_Data shown_
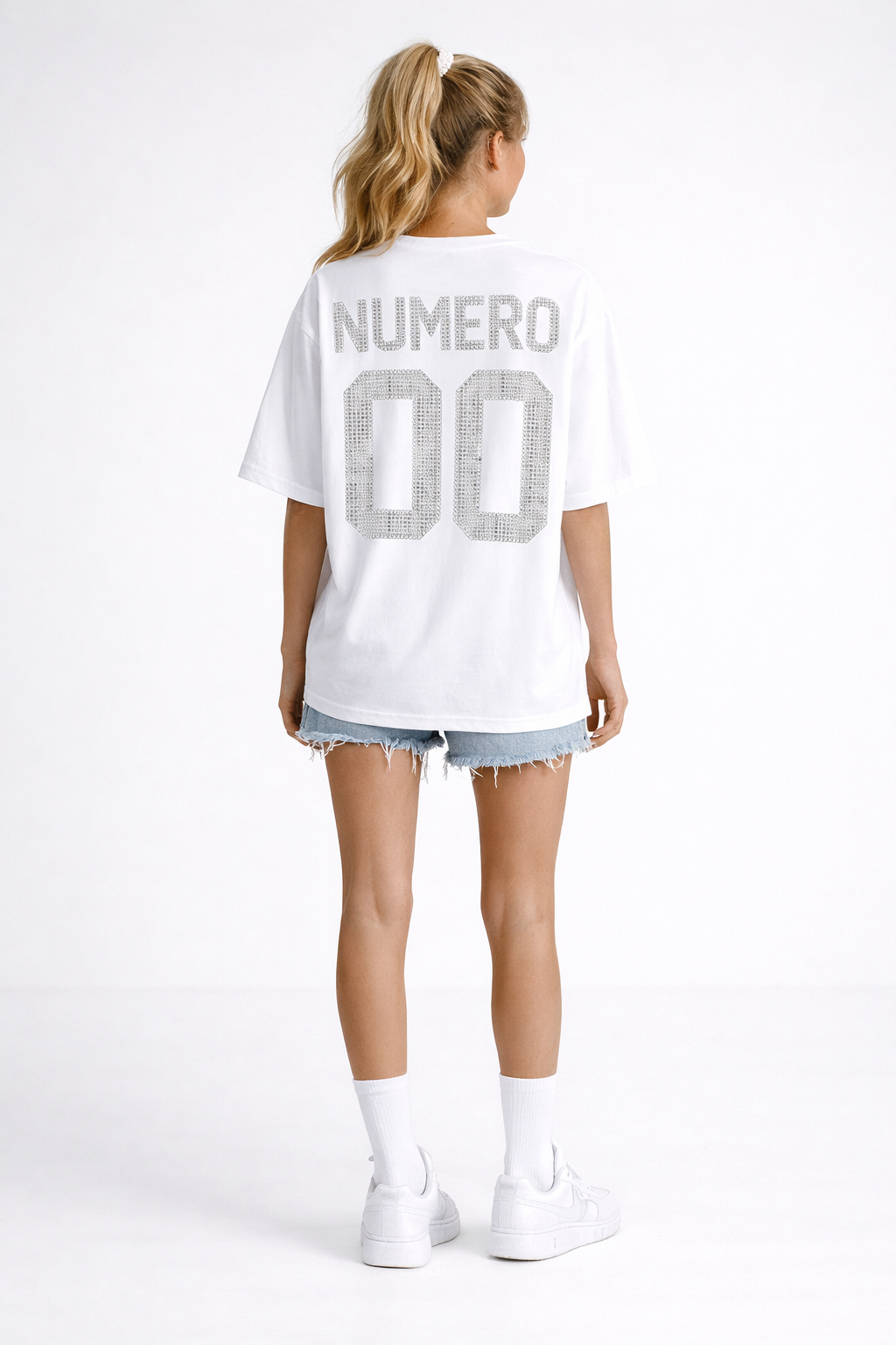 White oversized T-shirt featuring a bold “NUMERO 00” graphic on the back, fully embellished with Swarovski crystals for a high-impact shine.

--

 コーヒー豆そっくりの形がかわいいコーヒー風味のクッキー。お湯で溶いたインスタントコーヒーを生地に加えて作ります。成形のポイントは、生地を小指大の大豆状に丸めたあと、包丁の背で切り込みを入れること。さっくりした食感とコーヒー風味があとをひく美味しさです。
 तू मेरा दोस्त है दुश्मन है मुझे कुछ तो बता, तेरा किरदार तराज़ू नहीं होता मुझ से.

_How to complete this task_
Within the data above, the lines from the one with "コーヒー豆そっくりの形がかわ" to the one with "तू मेरा दोस्त" must be repeated exactly; no other line belongs in the answer.

_Written response_
 コーヒー豆そっくりの形がかわいいコーヒー風味のクッキー。お湯で溶いたインスタントコーヒーを生地に加えて作ります。成形のポイントは、生地を小指大の大豆状に丸めたあと、包丁の背で切り込みを入れること。さっくりした食感とコーヒー風味があとをひく美味しさです。
 तू मेरा दोस्त है दुश्मन है मुझे कुछ तो बता, तेरा किरदार तराज़ू नहीं होता मुझ से.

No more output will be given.